What Happens When We Go Silent
Dawn Cannon | JUL 2, 2025

There was a season in my life when my words felt too heavy to speak aloud. I smiled when I wanted to scream. I said, "I'm fine" when my soul was aching.
This was before I made the decision to take a sabbatical and leave the job I had loved for 17 years. I had been assaulted on a business trip, and only my closest friends knew of this truth. At work, I put on a mask daily and tried to pretend everything was okay. But beneath the fake outer shell, I was unraveling. I was suffering from a pretty severe case of PTSD—causing three to ten panic attacks per day. I couldn’t focus or remember basic things. My nervous system was in a constant state of distress, and I often questioned if I was losing my mind.

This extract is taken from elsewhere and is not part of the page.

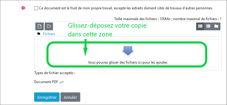 3. Si vous rencontrez un problème pour le dépôt de votre copie via le sélecteur de fichier, utilisez le glisser/déposer afin de la déposer (voir zone de Glisser-déposer ci-dessous) :

At home, my marriage had turned toxic. When people would ask how I was, I’d reflexively say, "fine," disconnected from truth or self-awareness. One time, my fitness coach ran into me at a health food store and complimented my ability to smile no matter how painful life had become. That smile dissolved into tears, and I broke down sobbing in the aisle. I suspect he regretted the comment after the uncomfortable moment that followed.
Nothing felt real. I was going through the motions, numb to it all. But in hindsight, I see now: this was an invitation. An invitation to turn toward the pain instead of away. To stop silencing myself, and begin the slow, sacred process of speaking again.
Have you ever swallowed your truth so many times that your throat forgot how to open?
Have you ever silenced yourself to be accepted, only to feel further away from your own heart?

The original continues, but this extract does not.